Supplied data:
== Segment start ==

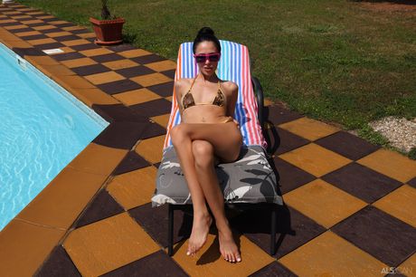 Skinny amateur teen babe Alyssa Bounty posing naked outdoor
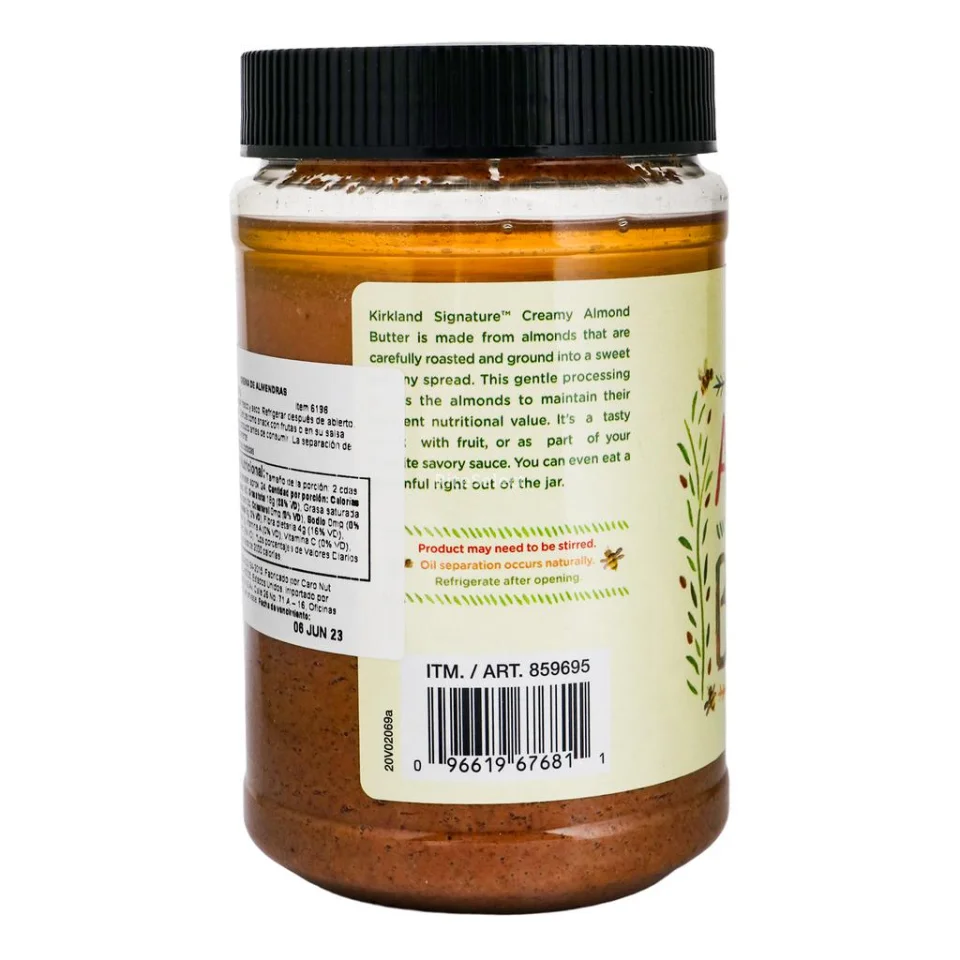 Almond butter | Kosher product | Gluten free | Must be shaken before use and refrigerated after opening | Ready to eat | Source of protein and dietary fiber | Can also be used for healthy shakes or smoothies | Can also be used for healthy smoothies or shakes.
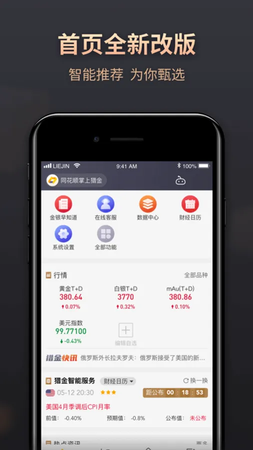 掌上猎金是由同花顺(股票代码:300033)旗下杭州猎金信息技术有限公司研发的一款贵金属App。我们为您提供智能投资服务,以及黄金,白银等多市场的实时行情报价。精选贵金属市场热点资讯及国内外市场动态。平台安全、专业,同花顺(上市公司)旗下黄金业务公司,专注投资服务20年

== Segment end ==

Exercise directions:
Leave the images out and give the rest of the data again exactly.

Answer to this problem:
 Skinny amateur teen babe Alyssa Bounty posing naked outdoor
 Almond butter | Kosher product | Gluten free | Must be shaken before use and refrigerated after opening | Ready to eat | Source of protein and dietary fiber | Can also be used for healthy shakes or smoothies | Can also be used for healthy smoothies or shakes.
 掌上猎金是由同花顺(股票代码:300033)旗下杭州猎金信息技术有限公司研发的一款贵金属App。我们为您提供智能投资服务,以及黄金,白银等多市场的实时行情报价。精选贵金属市场热点资讯及国内外市场动态。平台安全、专业,同花顺(上市公司)旗下黄金业务公司,专注投资服务20年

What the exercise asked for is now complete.